Ted Sichelman

Ted SichelmanSenior Scholar

Direct Dial: (619) 260-7512
Email: tsichelman@sandiego.edu

Ted Sichelman is a Senior Scholar at C-IP2. He is a Professor of Law at the University of San Diego, where he is also Director of the Center for Intellectual Property Law & Markets and Executive Director of the Center for Computation, Mathematics, and the Law. He teaches and writes in the areas of patent law, intellectual property, law and entrepreneurship, empirical legal studies, law and economics, and law and artificial intelligence.

Professor Sichelman’s works have been or will be published in the Stanford Law Review, Northwestern University Law Review, Texas Law Review, Journal of Empirical Legal Studies, Harvard Journal of Law & Technology, Berkeley Technology Law Journal, and many other journals and books. Professor Sichelman’s publications have been highly cited. As of April 2016, his articles Commercializing Patents and Life After Bilski are the first and second most-cited of all intellectual property law articles published since 2010 (according to HeinOnline). Life After Bilski has also been cited by the U.S. Supreme Court (Mayo v. Prometheus (2012)) and over 20 other judicial opinions. Professor Sichelman’s articles can be downloaded here.
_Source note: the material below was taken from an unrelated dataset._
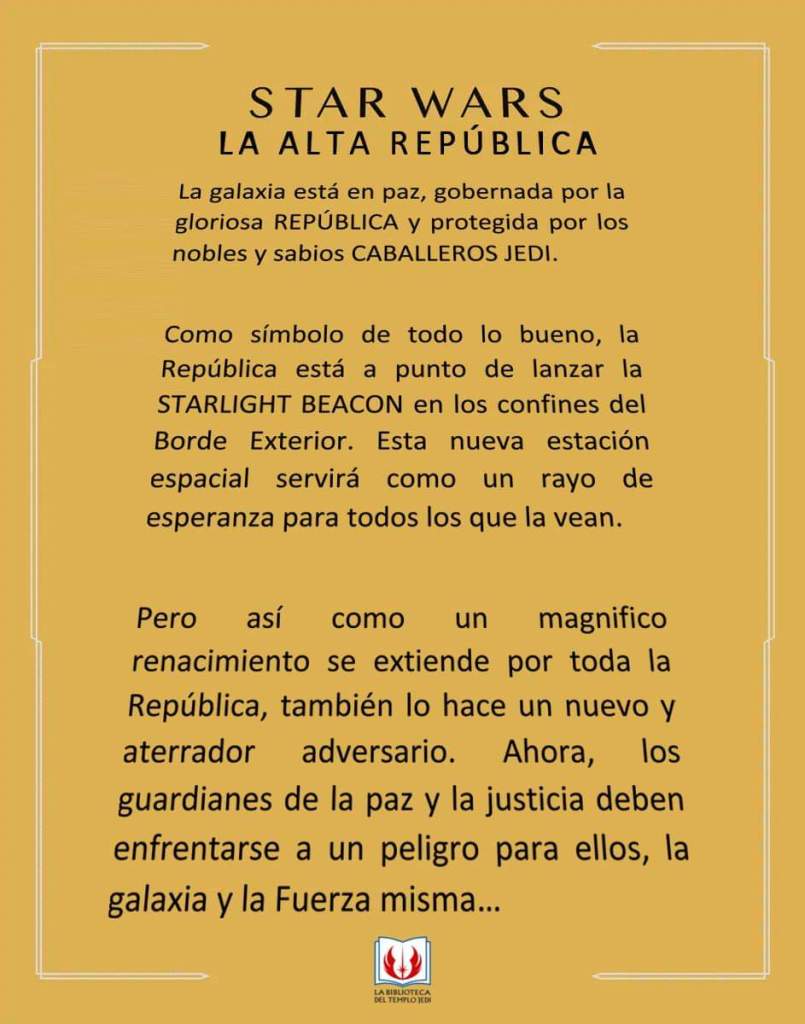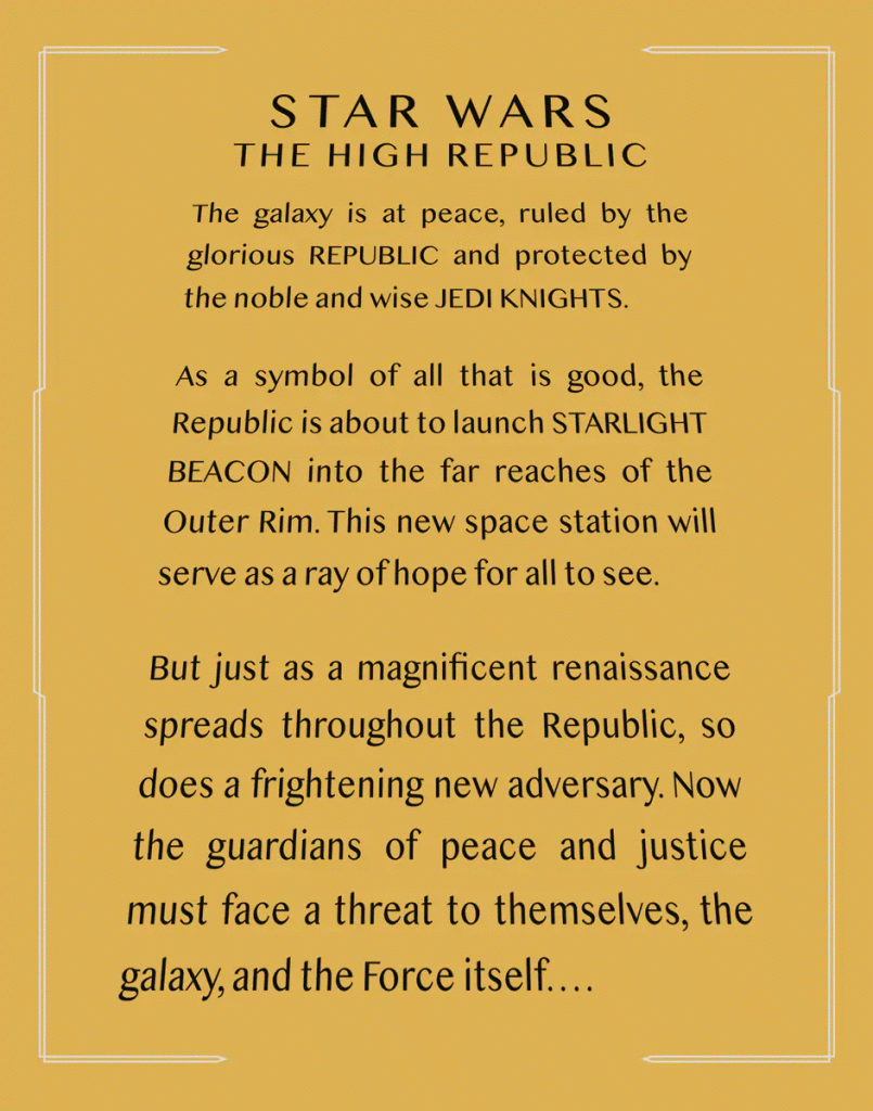 «La galaxia está en paz, gobernada por la gloriosa REPÚBLICA y protegida por los nobles y sabios CABALLEROS JEDI. Como símbolo de todo lo bueno, la República está a punto de lanzar la STARLIGHT BEACON en los confines del Borde Exterior. Esta nueva estación espacial servirá como un rayo de esperanza para que todos los que la vean. Pero así como un magnífico renacimiento se extiende por toda la República, también lo hace un nuevo y aterrador adversario. Ahora, los guardianes de la paz y la justicia deben enfrentarse a un peligro para ellos, la galaxia y para la Fuerza misma».
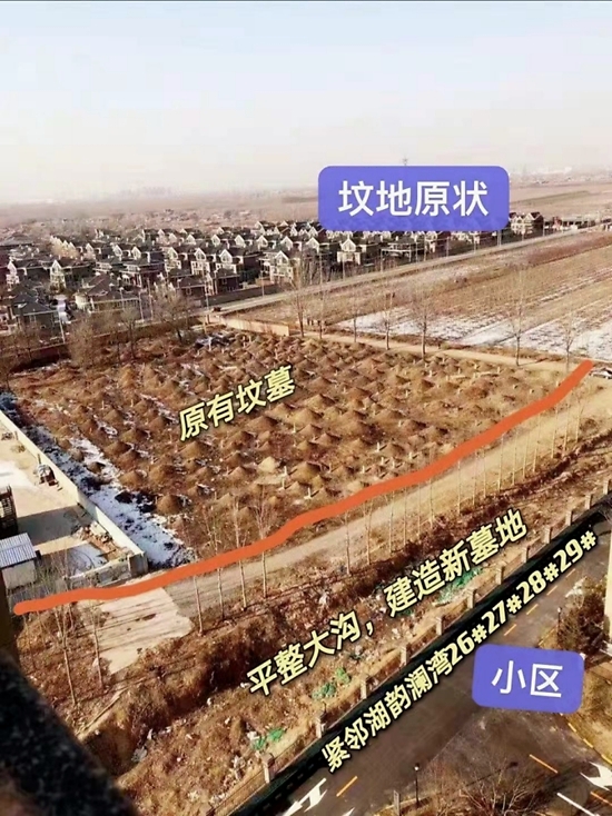 在我们长途漫漫的维权路上,墓地也逐渐发生了变化。墓地扩建,竟然修到了小区围墙根,新增上百个即将入驻的新墓。心死莫过于此,走投无路求助媒体!图片如下:

Professor Sichelman has participated in a number of U.S. Supreme Court cases, including playing a substantial role in a win for an injured employee in MetLife v. Glenn (2008); drafting an amicus brief in the patent case, Bilski v. Kappos (2010), in which the court largely adopted the recommendations and reasoning of the brief; and drafting amicus briefs in three other important patent cases, Global-Tech v. SEB (2011), Impression Products v. Lexmark International (2017), and TC Heartland v. Kraft Foods (2017). In 2011, he worked with the office of U.S. Representative Zoe Lofgren to draft proposed language for the recently passed America Invents Act, the most substantial revision to the Patent Act since 1952. In 2012, he served on the Lieutenant Governor of California’s task force to place a satellite office of the U.S. Patent & Trademark Office in California.
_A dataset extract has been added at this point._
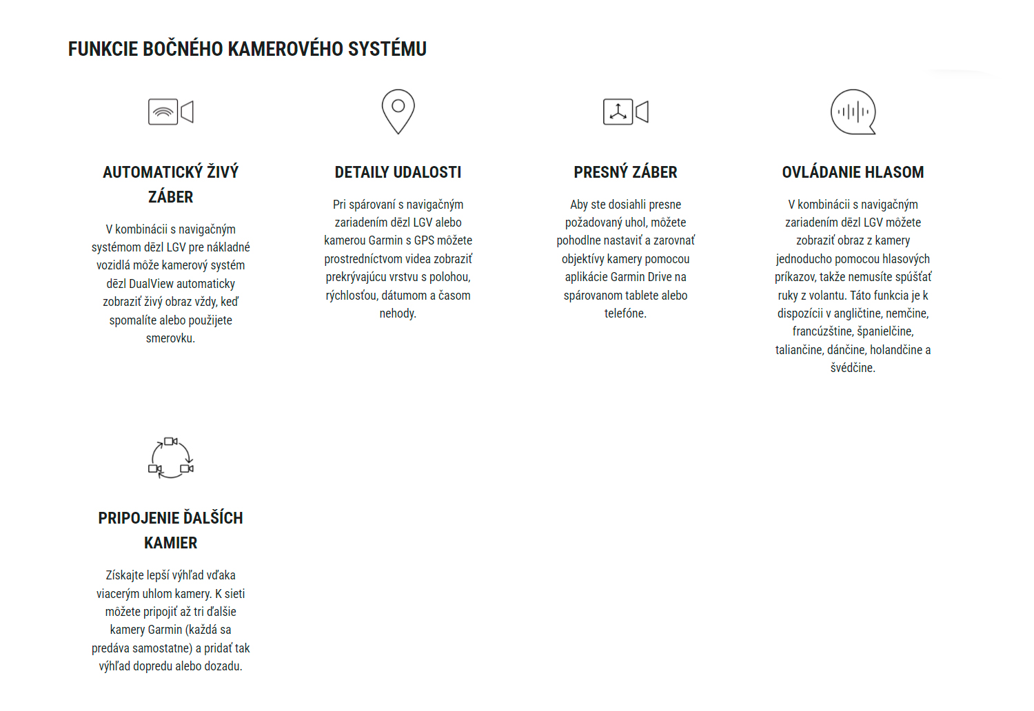Tento odolný systém s dvoma kamerami poskytuje živý obraz situácie po oboch stranách nákladného vozidla, čím profesionálnym vodičom poskytuje lepší prehľad o situácii v okolí. Pri zobrazení na spárovanom tablete alebo navigačnom zariadení dezl™ LGV pre nákladné vozidlá systém dezl DualView ponúka aj monitorovanie mŕtvych uhlov a upozornenia na predbiehanie, ako aj automatické nahrávanie HD videa v prípade detekcie nehody.
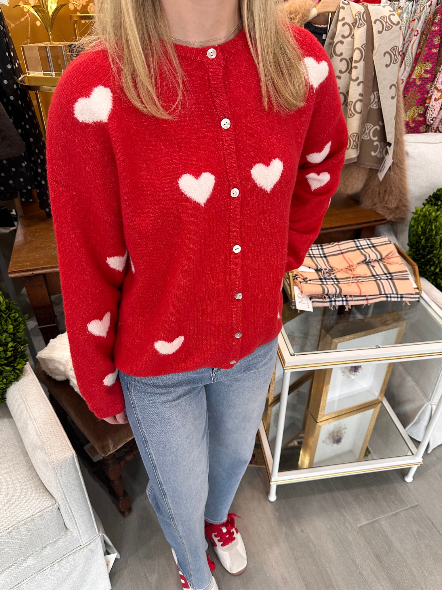 Red/White Heart Sweater Cardigan

Professor Sichelman earned an undergraduate degree in the History of Philosophy of Science, with distinction, from Stanford University and a Master’s degree in Physics from Florida State University. He founded and ran a venture capital-backed software and services company, Unified Dispatch, which was later acquired by a publicly traded company. Professor Sichelman designed the company’s software and is a named inventor on several issued and filed patents and applications. After graduating from Harvard Law School, magna cum laude, he clerked for the Honorable A. Wallace Tashima of the U.S. Court of Appeals for the Ninth Circuit. He practiced in the areas of intellectual property litigation and appeals at the law firms of Heller Ehrman and Irell & Manella and is currently Of Counsel at Progress, LLP, an IP boutique law firm based in California. In 2008 and 2009, he was a Ewing Marion Kauffman Foundation Fellow at the UC Berkeley School of Law. In 2016, he was a visiting professor at Harvard Law School.